In a creative twist, Lokken was able to “nest” her doctoral dissertation within McClelland’s parent study, and will test the hypothesis that disruptions in vaginal microbiota are linked to a lower fertility rate.
“We’re covering so much of the reproductive cycle in Scott’s study,” she says. “I’m leveraging the rich pre-conception data to hopefully shed light on a woman’s time to pregnancy, as a marker for sub-fertility.”
Named the School’s 2017-18 Magnuson Scholar, Lokken said the award has given her “the freedom of time to explore important questions that impact the dissertation and its parent study.” She recently finished a project that found Kenyan women with higher body mass index, or BMI, were 20 percent less likely to have BV episodes. She presented her findings during the annual meeting of the Infectious Diseases Society for Obstetrics and Gynecology in Park City, Utah, in August 2017.
Each year, the Magnuson Scholarship recognizes one graduate student from each of the six UW Health Sciences schools and contributes $30,000 to their education.
“What I really enjoy about the bacterial vaginosis world is that it sits at the intersection between sexual and reproductive health, allowing me to combine my interests in women’s health and the biology of disease,” Lokken says. Her first foray into this research field was as a master’s student in the Department of Epidemiology, from which she graduated in 2015.
For her master’s thesis, Lokken used data of female sex workers in Mombasa, Kenya, to study the link between BV and acquisition of M. genitalium. She discovered that women with prior BV were three and a half times more likely to get M. genitalium. Lokken received the University-wide honor of Distinguished Master's Thesis for the Biological/Life Sciences in 2015 and the study manuscript was published in the American Journal of Epidemiology.
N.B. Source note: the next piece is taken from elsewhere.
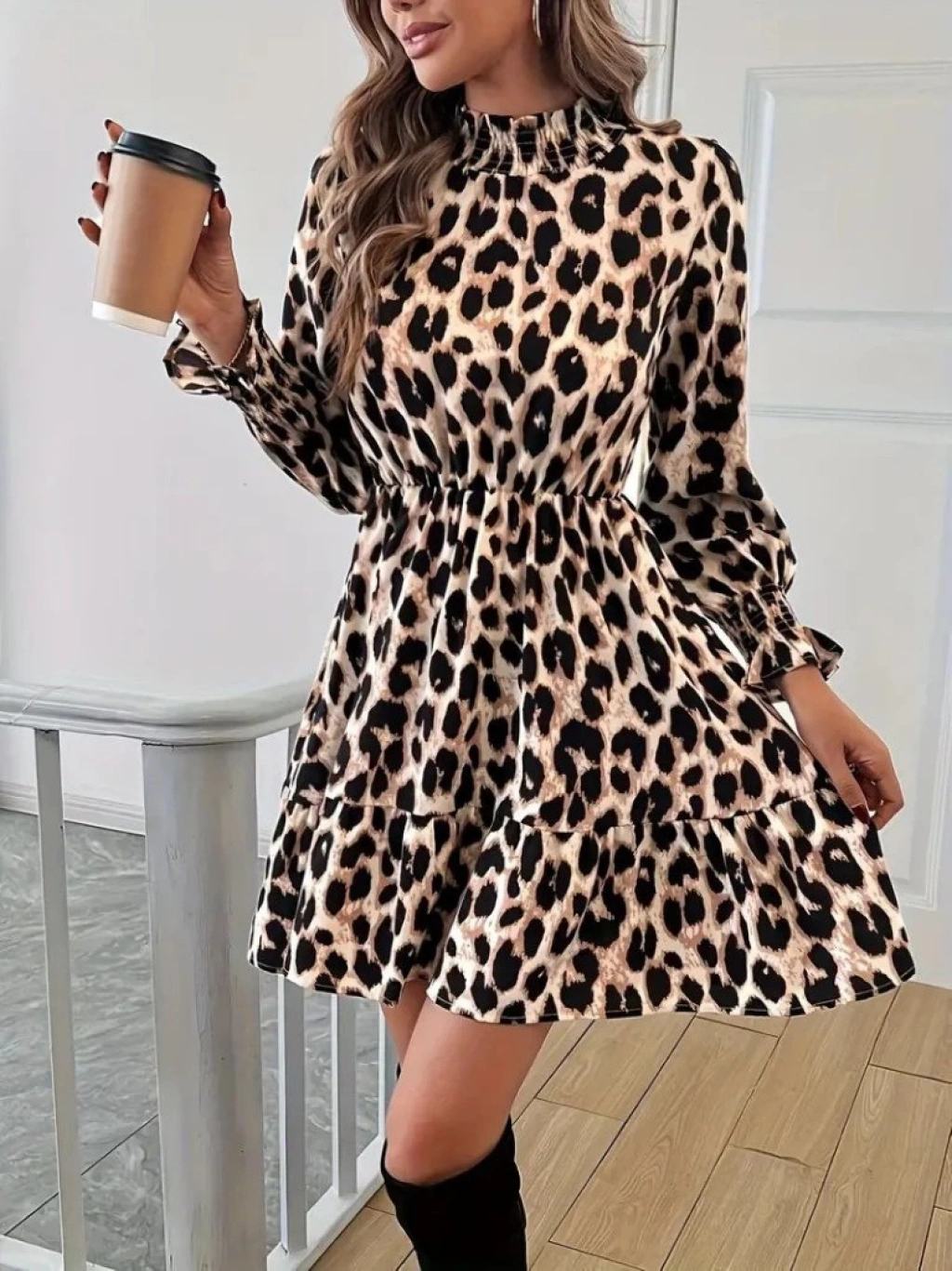 Kadın Uzun Kollu Yarı Balıkçı Yaka Leopar Desenli Modal Mini Elbise

Lokken has also completed 10 global health projects with the Strategic Analysis, Research and Training, or START, Center. Her projects focused on adolescent girls’ reproductive health in sub-Saharan Africa, tuberculosis (TB) transmission dynamics and adherence to first-line anti-TB drugs. She also worked on a landscape analysis of data sources and indicators addressing the status of women and girls globally to support the development of the Clinton Foundation’s No Ceilings: Full Participation Report.
Looking to the future, Lokken is excited to complete her dissertation. She hopes to one day contribute to improved sexual and reproductive health for women through cutting-edge epidemiological research. “I plan to use my training in epidemiology to help remove the barriers to women’s health worldwide,” she says.